What is a cathode-ray tube?

A cathode-ray tube (CRT) is a specialized vacuum tube in which images are produced when an electron beam strikes a phosphorescent surface. Most desktop computer displays make use of CRTs. The CRT in a computer display is similar to the "picture tube" in a television receiver.

A cathode-ray tube consists of several basic components, as illustrated below. The electron gun generates an arrow beam of electrons. The anodes accelerate the electrons. Deflecting coils produce an extremely low frequency electromagnetic field that allows for constant adjustment of the direction of the electron beam. There are two sets of deflecting coils: horizontal and vertical.(In the illustration, only one set of coils is shown for simplicity.) The intensity of the beam can be varied.
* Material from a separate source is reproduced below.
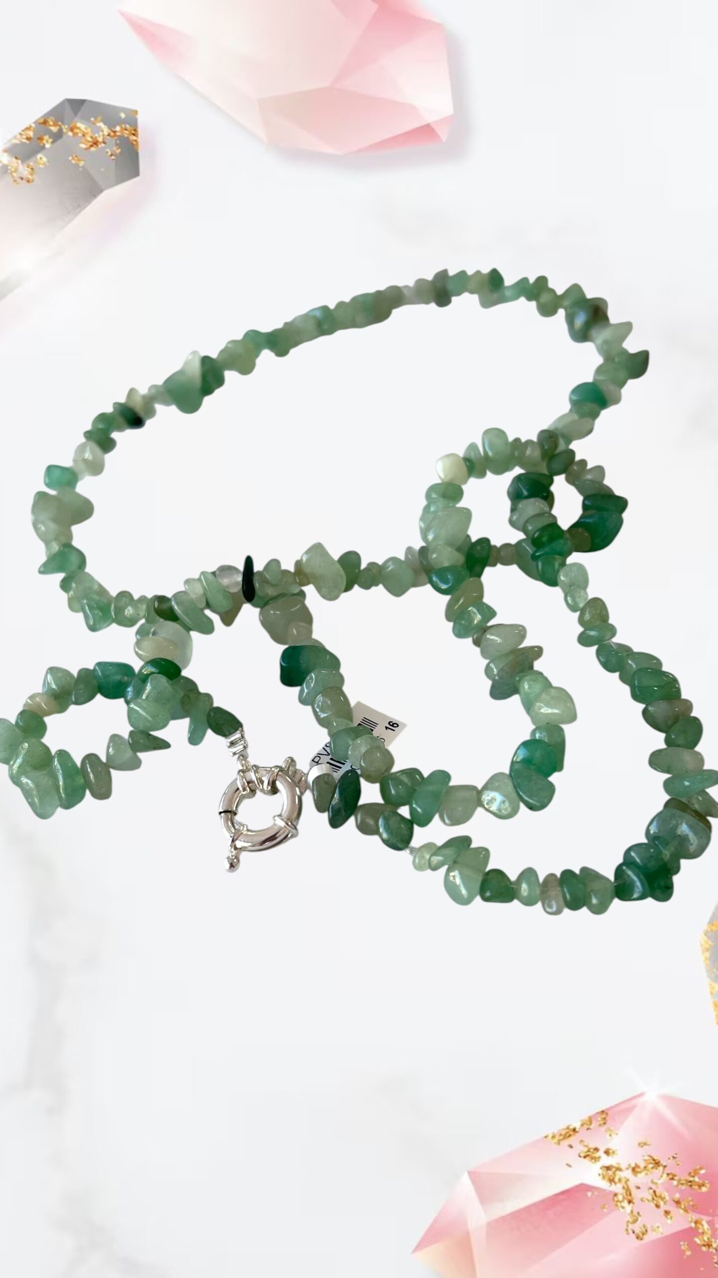 Un collar imponente y lleno de presencia que resalta la fuerza natural del cuarzo verde escallado en un formato XXL.

The electron beam produces a tiny, bright visible spot when it strikes the phosphor-coated screen.

To produce an image on the screen, complex signals are applied to the deflecting coils, and also to the apparatus that controls the intensity of the electron beam. This causes the spot to race across the screen from right to left, and from top to bottom, in a sequence of horizontal lines called the raster. As viewed from the front of the CRT, the spot moves in a pattern similar to the way your eyes move when you read a single-column page of text. But the scanning takes place at such a rapid rate that your eye sees a constant image over the entire screen.

The illustration shows only one electron gun. This is typical of a monochrome, or single-color, CRT. However, virtually all CRTs today render color images. These devices have three electron guns, one for the primary color red, one for the primary color green, and one for the primary color blue. The CRT thus produces three overlapping images: one in red (R), one in green (G), and one in blue (B). This is the so-called RGB color model.

In computer systems, there are several display modes, or sets of specifications according to which the CRT operates. The most common specification for CRT displays is known as SVGA (Super Video Graphics Array). Notebook computers typically use liquid crystal display. The technology for these displays is much different than that for CRTs.